The Victorian Government has released a list of 49 of the safest and most affordable used cars as a guide for young drivers and their parents when looking to purchase a first car.

The First Car List was developed in collaboration with the Monash University Accident Research Centre (MUARC) and VicRoads, and includes vehicles ranging from $1800 to $14,000, and from 28 years old to three years old.

Victorian Roads Minister, Tim Pallas, said the list was just another effort to reduce the number of young people injured and killed in car crashes every year.

“Young people make up 13 percent of drivers, but they account for around 25 percent of all driver fatalities.

“The First Car List provides new drivers and their parents with the safety information required to make an informed decision when purchasing their first vehicle,” Mr Pallas said.

MUARC analysed more than three million accidents in compiling the data and scored the vehicles under two safety criteria: “crashworthiness” and “likely to harm another road user”.

Vehicles were graded between one and five stars (one meaning the vehicle would do significantly more harm than average, five meaning the vehicle would do significantly less harm than average) and were then matched to average prices for their specific model.
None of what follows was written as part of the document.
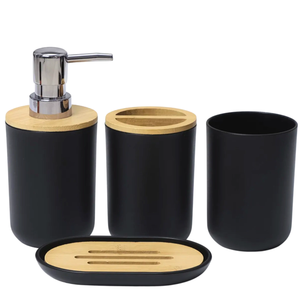 Renová tu baño con este sofisticado set de accesorios que combina materiales de alta calidad para un diseño moderno y cálido. Perfecto para quienes buscan organizar su baño con estilo y practicidad.
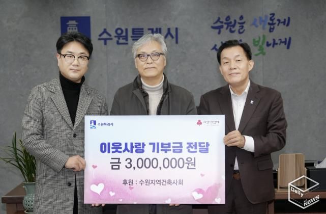 이웃돕기성금 300만 원은 수원지역건축사회 회원 137명이 모금해 마련했다. 수원지역건축사회는 2024년에도 이웃돕기성금 300만 원을 기부한 바 있다.

The First Car List states that “if all young drivers killed (or seriously injured) in crashes over the past five years had been driving the safest vehicle of the same age as the one they crashed in, more than 500 young deaths (and serious injuries) could have been prevented each year”.

The First Car List can be viewed in full on the Victorian Government’s Arrive Alive website: http://www.arrivealive.vic.gov.au/files/initiatives/firstcar/VRD0592_Used_Cars_Safety_List.pdf.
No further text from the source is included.